Государыня императрица выразила желание иметь переговоры с председателем Думского Комитета.
Ах, Солнышко! Ах, родная! Как ей безвыходно! Как унизительно.
И ещё: вчера в Государственную Думу явился Собственный Конвой Его Величества – и тоже принял сторону восставших. Просил арестовать своих офицеров.
Как?? И – они?..
И – Конвой?..
Вот этого удара Николай не ожидал и не мог скрыть. Он изменился в лице, в голосе, не устоял на ногах, сел. Всё вместе происходящее в обезумевшей столице за все дни так не потрясло его, как это маленькое довесное известие. Накануне он стойко снёс измену царскосельского гарнизона: туда неразумно были вставлены и случайные части, много запасных.

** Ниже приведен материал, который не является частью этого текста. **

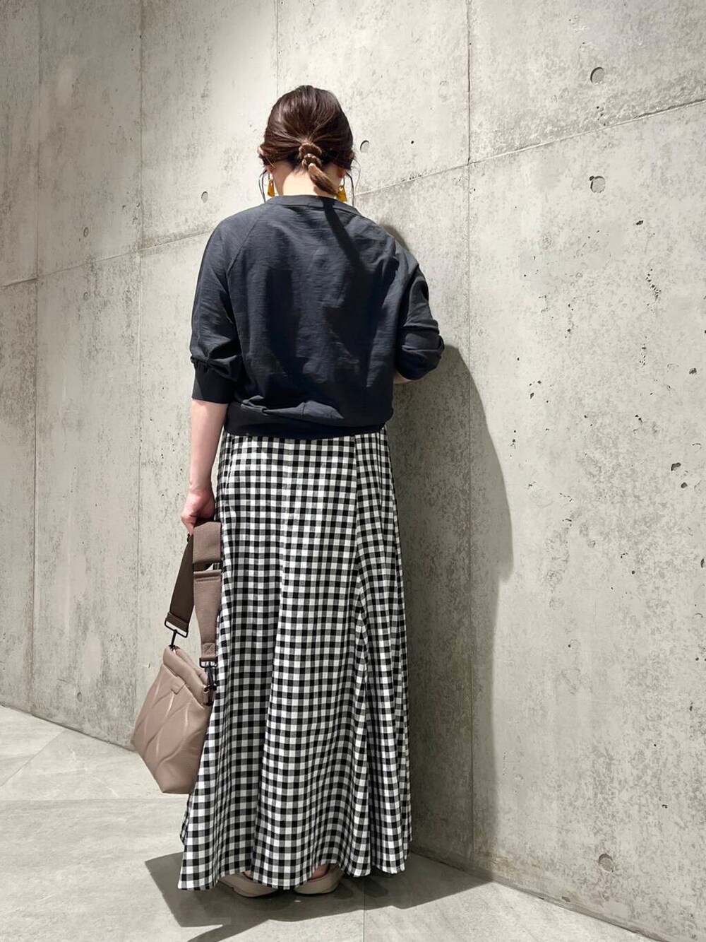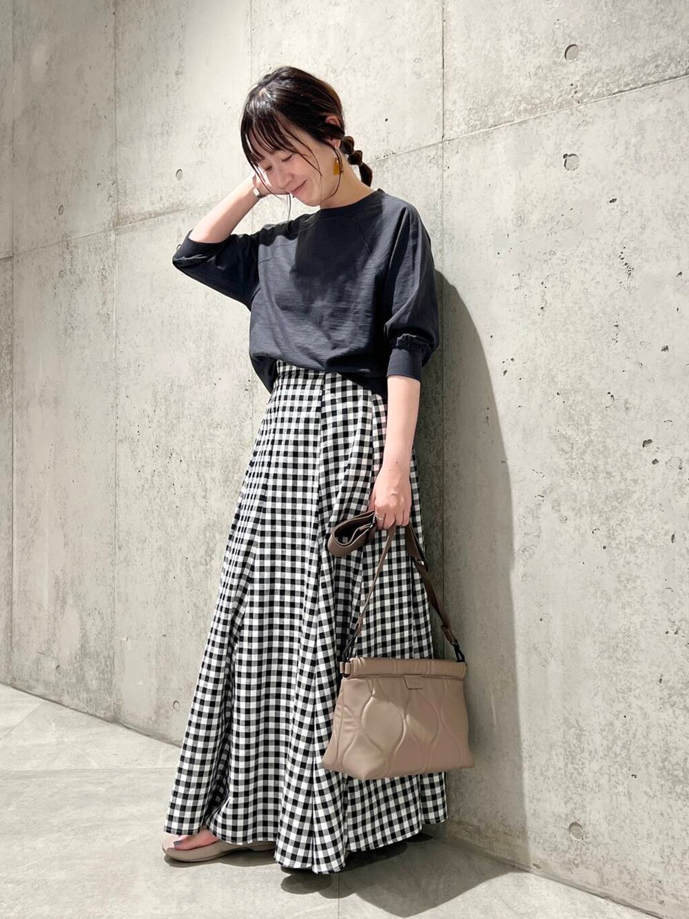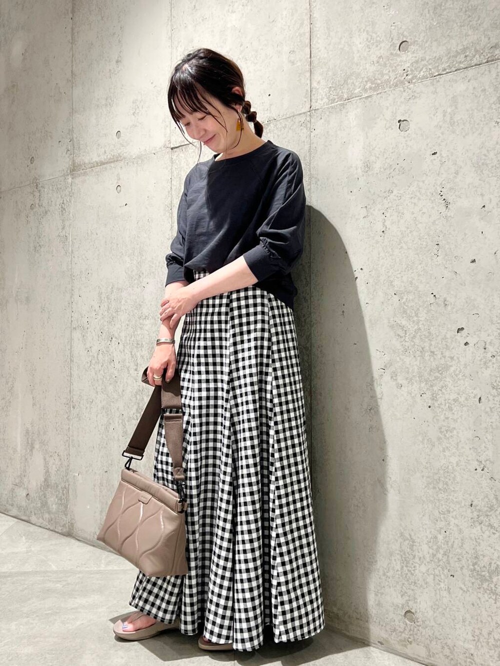 今回は、女性らしいマーメイドシルエットのギンガムチェックをポイントにした、大人カジュアルコーディネート。

Могли изменить ему хоть все великие князья (это почти и было так), всё дворянство (это было совсем не прежнее благородное дворянство, но опустившиеся корыстные люди), весь Государственный Совет, наполовину назначенный самим Государем (а Государственная Дума и вся была из врагов), – но как мог изменить Собственный Конвой, эти чудесные отважные и добродушные кубанцы и терцы, которыми так гордился их Государь?! Они, жившие почти семейно с августейшей семьёй, – их каждого знали по имени, засыпали подарками их семьи, устраивали с ними общие ёлки, на Пасху с каждым христосовались, – как они могли пойти кланяться Думе? что их туда погнало? (И что же теперь с семьёй? Она в руках бунтующей черни?..)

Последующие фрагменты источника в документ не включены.